Assignment — A verbatim copy is needed of the lines below from the one containing "پی اچ متر سه" up to and including the one containing "Hangar Interior height: 23,00", excluding pictures.
Records shown below:
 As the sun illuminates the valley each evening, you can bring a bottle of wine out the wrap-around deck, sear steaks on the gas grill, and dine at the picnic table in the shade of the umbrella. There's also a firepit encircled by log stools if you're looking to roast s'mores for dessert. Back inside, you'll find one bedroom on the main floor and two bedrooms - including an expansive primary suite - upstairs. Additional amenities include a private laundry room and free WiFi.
End of Records shown.
Records shown below:
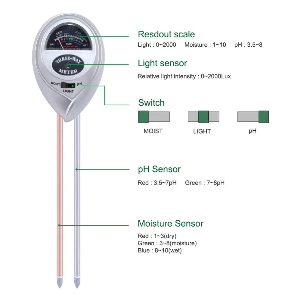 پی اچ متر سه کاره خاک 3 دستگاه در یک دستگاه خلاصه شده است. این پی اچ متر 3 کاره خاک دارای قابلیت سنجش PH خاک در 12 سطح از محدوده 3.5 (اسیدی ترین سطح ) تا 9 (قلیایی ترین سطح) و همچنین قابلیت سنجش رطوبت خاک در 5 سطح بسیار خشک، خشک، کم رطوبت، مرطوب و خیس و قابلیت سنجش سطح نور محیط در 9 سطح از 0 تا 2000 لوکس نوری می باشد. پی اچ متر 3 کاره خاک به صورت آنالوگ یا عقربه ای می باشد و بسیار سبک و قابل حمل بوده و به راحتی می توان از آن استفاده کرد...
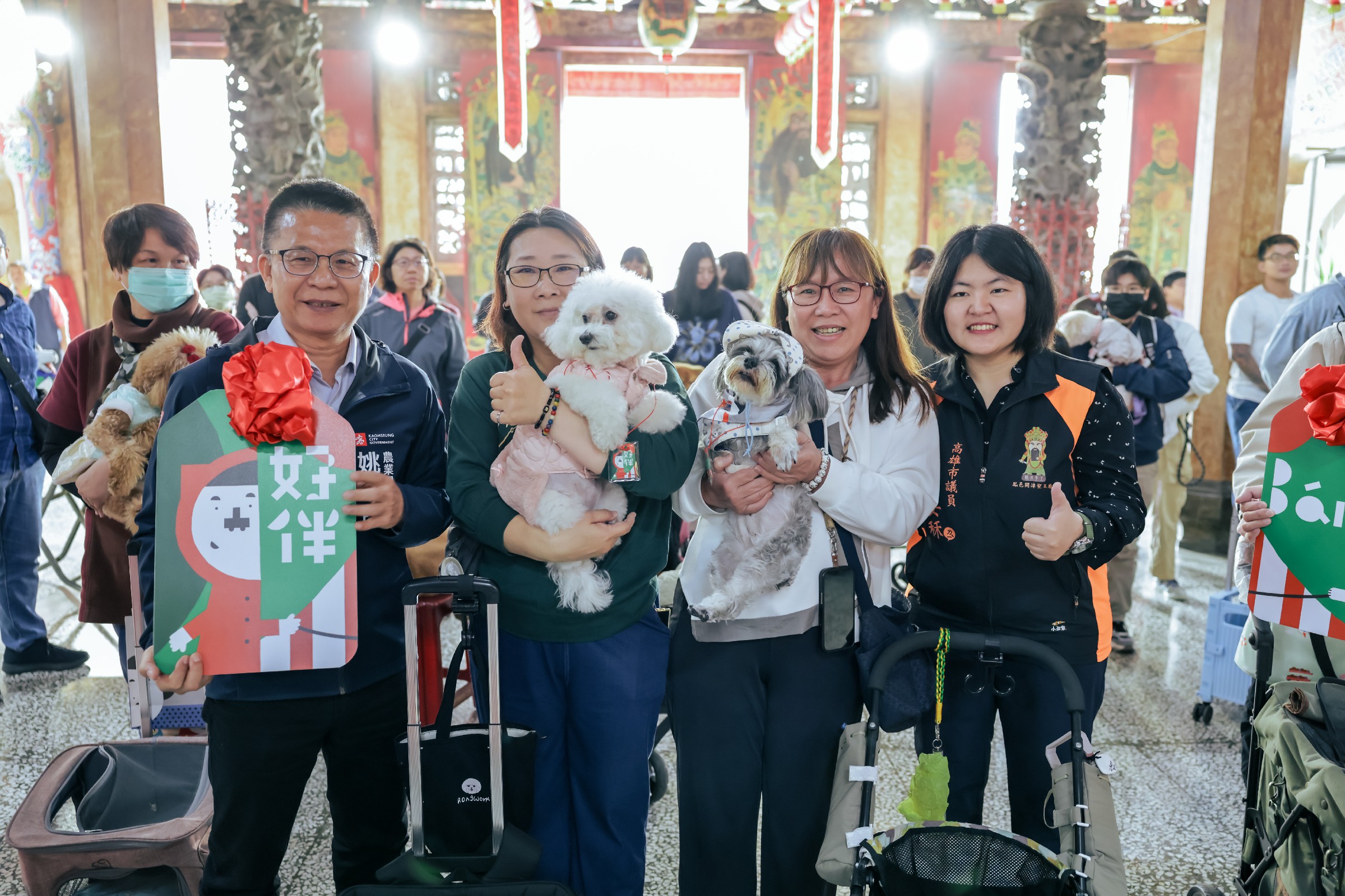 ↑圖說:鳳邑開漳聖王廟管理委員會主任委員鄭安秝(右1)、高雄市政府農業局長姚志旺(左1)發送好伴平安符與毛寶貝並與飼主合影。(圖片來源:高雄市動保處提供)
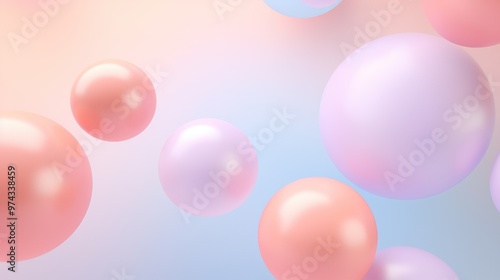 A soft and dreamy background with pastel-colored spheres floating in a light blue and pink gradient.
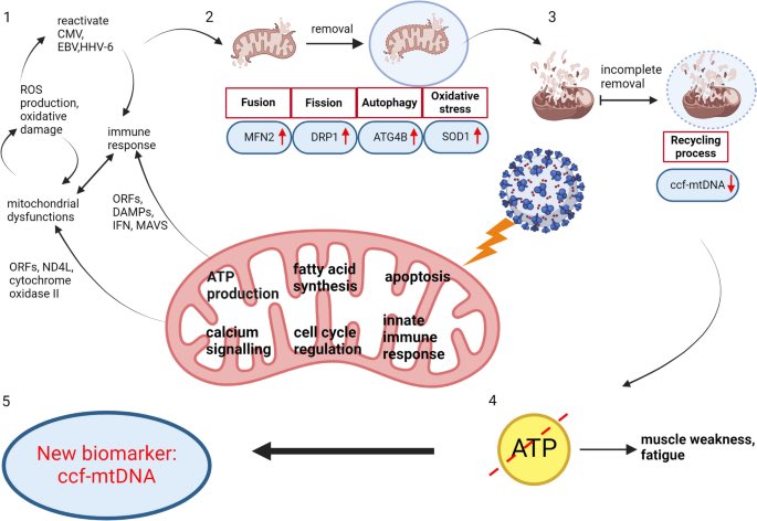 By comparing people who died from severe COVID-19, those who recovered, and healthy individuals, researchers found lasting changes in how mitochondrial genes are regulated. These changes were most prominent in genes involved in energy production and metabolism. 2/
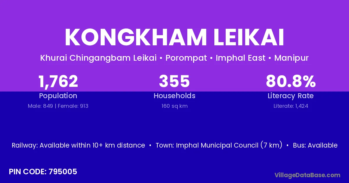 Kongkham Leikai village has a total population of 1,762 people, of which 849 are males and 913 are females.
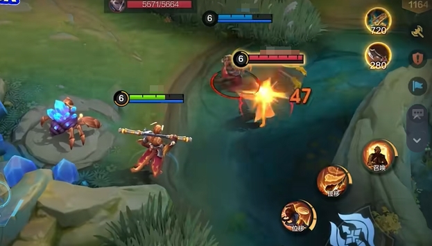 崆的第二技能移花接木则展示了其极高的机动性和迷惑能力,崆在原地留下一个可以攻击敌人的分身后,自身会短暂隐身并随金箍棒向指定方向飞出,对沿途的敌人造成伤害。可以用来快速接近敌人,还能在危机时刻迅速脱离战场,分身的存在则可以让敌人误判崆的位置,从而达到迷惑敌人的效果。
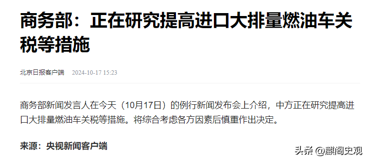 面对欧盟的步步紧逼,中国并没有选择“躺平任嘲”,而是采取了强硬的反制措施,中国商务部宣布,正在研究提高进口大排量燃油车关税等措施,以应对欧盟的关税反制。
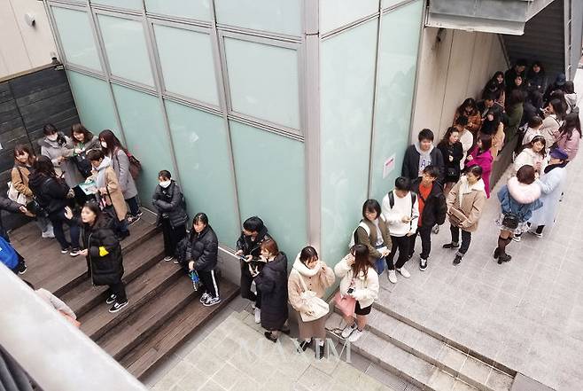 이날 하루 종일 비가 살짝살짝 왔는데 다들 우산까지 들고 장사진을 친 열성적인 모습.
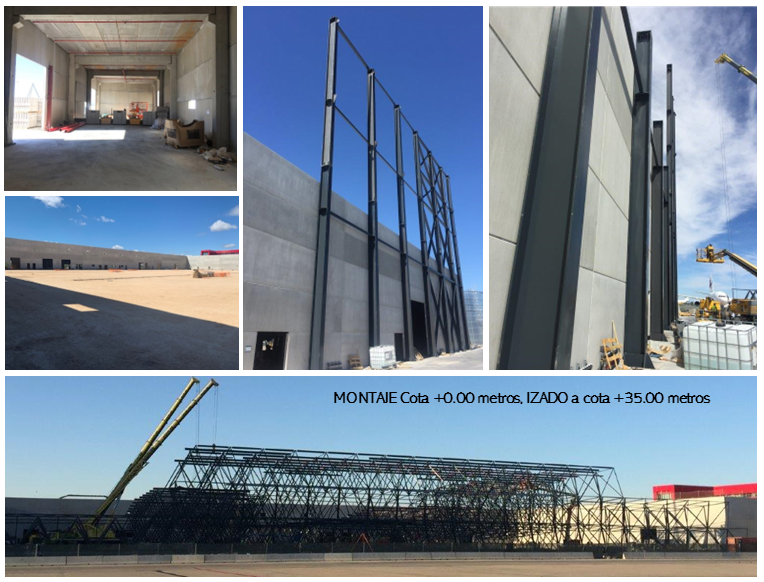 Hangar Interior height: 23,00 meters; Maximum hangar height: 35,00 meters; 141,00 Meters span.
End of Records shown.
Task answer —
 پی اچ متر سه کاره خاک 3 دستگاه در یک دستگاه خلاصه شده است. این پی اچ متر 3 کاره خاک دارای قابلیت سنجش PH خاک در 12 سطح از محدوده 3.5 (اسیدی ترین سطح ) تا 9 (قلیایی ترین سطح) و همچنین قابلیت سنجش رطوبت خاک در 5 سطح بسیار خشک، خشک، کم رطوبت، مرطوب و خیس و قابلیت سنجش سطح نور محیط در 9 سطح از 0 تا 2000 لوکس نوری می باشد. پی اچ متر 3 کاره خاک به صورت آنالوگ یا عقربه ای می باشد و بسیار سبک و قابل حمل بوده و به راحتی می توان از آن استفاده کرد...
 ↑圖說:鳳邑開漳聖王廟管理委員會主任委員鄭安秝(右1)、高雄市政府農業局長姚志旺(左1)發送好伴平安符與毛寶貝並與飼主合影。(圖片來源:高雄市動保處提供)
 A soft and dreamy background with pastel-colored spheres floating in a light blue and pink gradient.
 By comparing people who died from severe COVID-19, those who recovered, and healthy individuals, researchers found lasting changes in how mitochondrial genes are regulated. These changes were most prominent in genes involved in energy production and metabolism. 2/
 Kongkham Leikai village has a total population of 1,762 people, of which 849 are males and 913 are females.
 崆的第二技能移花接木则展示了其极高的机动性和迷惑能力,崆在原地留下一个可以攻击敌人的分身后,自身会短暂隐身并随金箍棒向指定方向飞出,对沿途的敌人造成伤害。可以用来快速接近敌人,还能在危机时刻迅速脱离战场,分身的存在则可以让敌人误判崆的位置,从而达到迷惑敌人的效果。
 面对欧盟的步步紧逼,中国并没有选择“躺平任嘲”,而是采取了强硬的反制措施,中国商务部宣布,正在研究提高进口大排量燃油车关税等措施,以应对欧盟的关税反制。
 이날 하루 종일 비가 살짝살짝 왔는데 다들 우산까지 들고 장사진을 친 열성적인 모습.
 Hangar Interior height: 23,00 meters; Maximum hangar height: 35,00 meters; 141,00 Meters span.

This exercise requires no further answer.